■ **EXERCISE DIRECTIONS**:
Write out exactly the lines from the one holding "6年生教室です。今朝は読書を" to the last line of the entries, both ends included and nothing else, without the pictures.

-*-

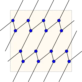 The Möbius–Kantor graph cannot be embedded without crossings in the plane; it has crossing number 4, and is the smallest cubic graph with that crossing number.[2] Additionally, it provides an example of a graph all of whose subgraphs' crossing numbers differ from it by two or more.[3] However, it is a toroidal graph: it has an embedding in the torus in which all faces are hexagons.[4] The dual graph of this embedding is the hyperoctahedral graph K2,2,2,2.
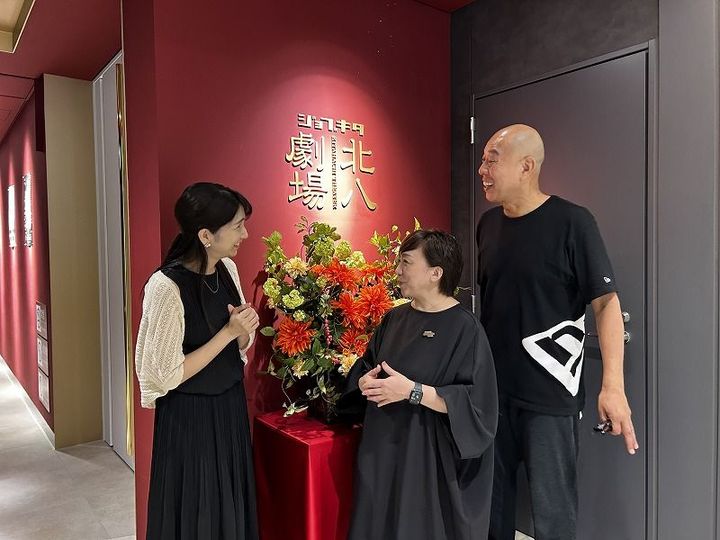劇場オープン時にも取材をさせていただきました。左から堰八アナ、「ジョブキタ北八劇場」アーティスティックコーディネーターの小島達子さん、芸術監督の納谷さん
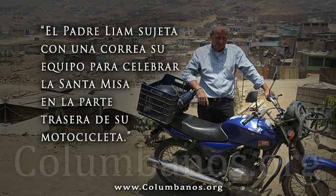 Así que cuando los habitantes de Jicamarca escuchan un motor de motocicleta y ven una estela de polvo en el aire, saben que es el Padre Liam que montado en su motocicleta se dirige apresuradamente a oficiar la Santa Misa en otra parte de esta región empobrecida.
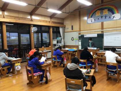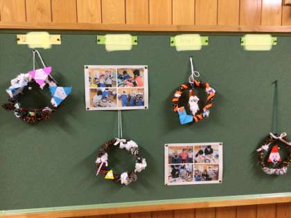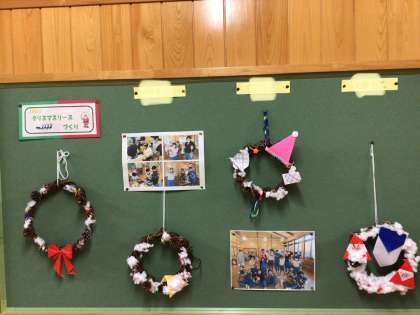 6年生教室です。今朝は読書をしていました。いつも落ち着いた雰囲気の6年生教室です。廊下の掲示板には先日作ったクリスマスリースが飾ってあります。持って帰りますので、お家にぜひ飾ってくださいね。
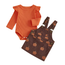 Get your baby girl's ready for fall with our Ruby Romper and Pumpkin Printed Overall Skirt Set! Made with soft and comfortable fabric, this set includes a versatile romper and an adorable pumpkin-printed overall skirt for a charming and stylish look baby. Perfect for everyday wear or special occasions like The Thanksgiving.
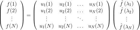 而在图结构中,同理,把Graph中N维向量表示为若干个正交函数的线性组合,自然而然地想到了图拉普拉斯矩阵的特征向量。所以,仿照传统傅里叶变换,在图结构中的离散傅里叶定义如下:
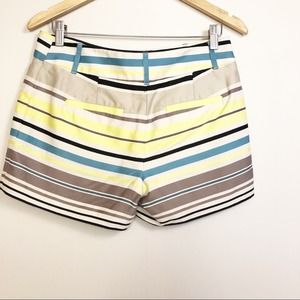 LOFT The Riviera Short. Multi striped with yellow, blue, brown and white stripes. Hidden closure button. Faux pockets.
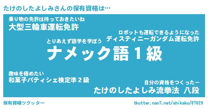 | ヒーロー風カッコイイあだ名 | 『スーパータケノシタヨシミ』 |
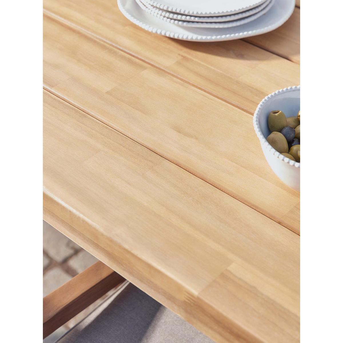 I love the Positano cross-legged dining table for its versatile, understated elegance that works well in a variety of outdoor settings. It suits both rustic gardens and more contemporary patios, adding warmth and a relaxed vibe without feeling bulky. Styling tips include pairing it with mix-and-match chairs for an eclectic look or keeping it cohesive with matching benches for a streamlined aesthetic. Incorporating outdoor pendant lighting or cosy lanterns can enhance its appeal during evening gatherings, while neutral tableware punctuated with colourful accessories can bring a lively touch to your al fresco meals. Its natural wood finish invites a relaxed, inviting atmosphere that’s perfect for casual dining and outdoor entertaining.

-*-

■ **RESPONSE BOX**:
 6年生教室です。今朝は読書をしていました。いつも落ち着いた雰囲気の6年生教室です。廊下の掲示板には先日作ったクリスマスリースが飾ってあります。持って帰りますので、お家にぜひ飾ってくださいね。
 Get your baby girl's ready for fall with our Ruby Romper and Pumpkin Printed Overall Skirt Set! Made with soft and comfortable fabric, this set includes a versatile romper and an adorable pumpkin-printed overall skirt for a charming and stylish look baby. Perfect for everyday wear or special occasions like The Thanksgiving.
 而在图结构中,同理,把Graph中N维向量表示为若干个正交函数的线性组合,自然而然地想到了图拉普拉斯矩阵的特征向量。所以,仿照传统傅里叶变换,在图结构中的离散傅里叶定义如下:
 LOFT The Riviera Short. Multi striped with yellow, blue, brown and white stripes. Hidden closure button. Faux pockets.
 | ヒーロー風カッコイイあだ名 | 『スーパータケノシタヨシミ』 |
 I love the Positano cross-legged dining table for its versatile, understated elegance that works well in a variety of outdoor settings. It suits both rustic gardens and more contemporary patios, adding warmth and a relaxed vibe without feeling bulky. Styling tips include pairing it with mix-and-match chairs for an eclectic look or keeping it cohesive with matching benches for a streamlined aesthetic. Incorporating outdoor pendant lighting or cosy lanterns can enhance its appeal during evening gatherings, while neutral tableware punctuated with colourful accessories can bring a lively touch to your al fresco meals. Its natural wood finish invites a relaxed, inviting atmosphere that’s perfect for casual dining and outdoor entertaining.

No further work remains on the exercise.